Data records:
:::::

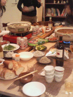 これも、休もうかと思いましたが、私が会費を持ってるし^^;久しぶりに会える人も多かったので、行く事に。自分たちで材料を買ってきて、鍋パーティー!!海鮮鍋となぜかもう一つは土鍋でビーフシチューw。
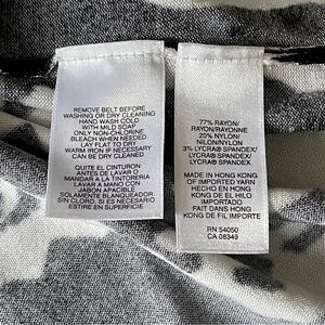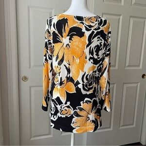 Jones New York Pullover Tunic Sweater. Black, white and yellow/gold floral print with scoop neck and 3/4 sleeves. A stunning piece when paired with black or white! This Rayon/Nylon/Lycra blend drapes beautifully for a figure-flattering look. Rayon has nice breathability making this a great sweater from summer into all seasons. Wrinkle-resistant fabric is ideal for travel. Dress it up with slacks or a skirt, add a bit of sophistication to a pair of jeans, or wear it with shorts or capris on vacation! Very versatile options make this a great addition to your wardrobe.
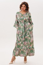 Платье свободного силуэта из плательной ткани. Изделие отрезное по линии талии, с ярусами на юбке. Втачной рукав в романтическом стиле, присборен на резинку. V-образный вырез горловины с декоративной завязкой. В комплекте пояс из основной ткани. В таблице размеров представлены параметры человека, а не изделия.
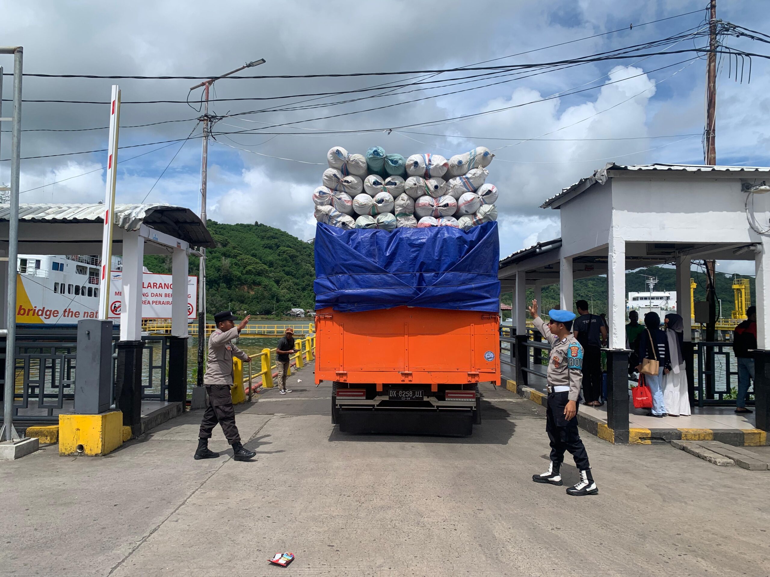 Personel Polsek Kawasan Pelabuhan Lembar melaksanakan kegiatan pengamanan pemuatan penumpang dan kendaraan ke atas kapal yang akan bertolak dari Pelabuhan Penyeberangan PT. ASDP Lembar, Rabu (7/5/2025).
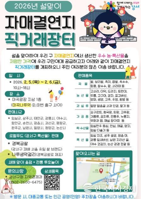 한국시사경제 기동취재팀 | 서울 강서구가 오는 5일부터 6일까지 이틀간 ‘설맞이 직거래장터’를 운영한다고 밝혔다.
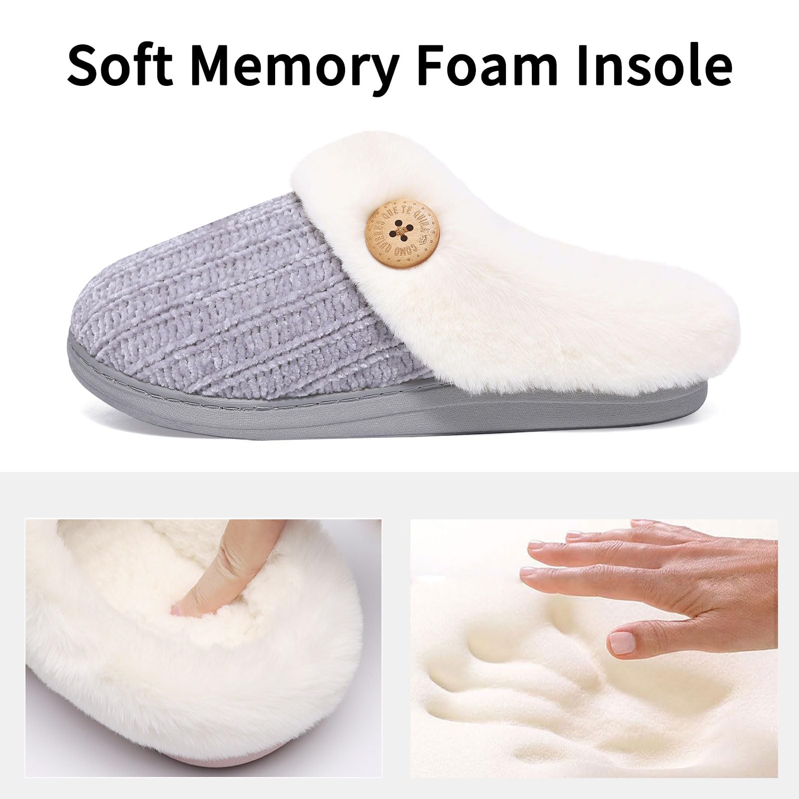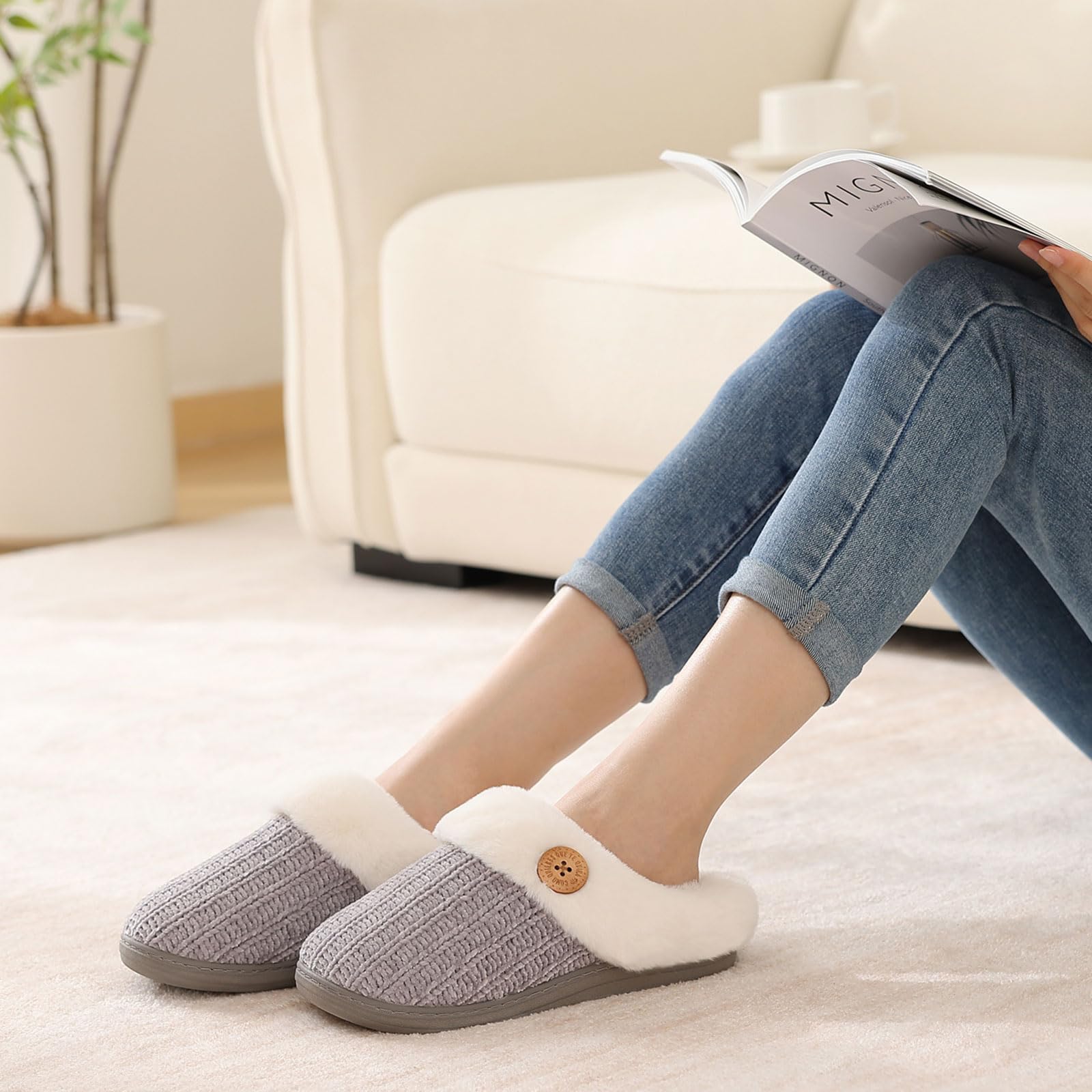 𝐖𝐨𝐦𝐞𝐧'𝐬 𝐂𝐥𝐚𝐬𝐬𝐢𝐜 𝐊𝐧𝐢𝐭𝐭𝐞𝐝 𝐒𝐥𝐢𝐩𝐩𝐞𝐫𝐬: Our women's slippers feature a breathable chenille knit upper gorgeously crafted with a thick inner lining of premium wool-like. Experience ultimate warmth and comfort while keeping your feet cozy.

:::::

**Task to complete**.
Please return only the lines from the top of the data through the line with "Personel Polsek Kawasan", exactly as written, and drop every picture.

**Reply to the exercise**.
 これも、休もうかと思いましたが、私が会費を持ってるし^^;久しぶりに会える人も多かったので、行く事に。自分たちで材料を買ってきて、鍋パーティー!!海鮮鍋となぜかもう一つは土鍋でビーフシチューw。
 Jones New York Pullover Tunic Sweater. Black, white and yellow/gold floral print with scoop neck and 3/4 sleeves. A stunning piece when paired with black or white! This Rayon/Nylon/Lycra blend drapes beautifully for a figure-flattering look. Rayon has nice breathability making this a great sweater from summer into all seasons. Wrinkle-resistant fabric is ideal for travel. Dress it up with slacks or a skirt, add a bit of sophistication to a pair of jeans, or wear it with shorts or capris on vacation! Very versatile options make this a great addition to your wardrobe.
 Платье свободного силуэта из плательной ткани. Изделие отрезное по линии талии, с ярусами на юбке. Втачной рукав в романтическом стиле, присборен на резинку. V-образный вырез горловины с декоративной завязкой. В комплекте пояс из основной ткани. В таблице размеров представлены параметры человека, а не изделия.
 Personel Polsek Kawasan Pelabuhan Lembar melaksanakan kegiatan pengamanan pemuatan penumpang dan kendaraan ke atas kapal yang akan bertolak dari Pelabuhan Penyeberangan PT. ASDP Lembar, Rabu (7/5/2025).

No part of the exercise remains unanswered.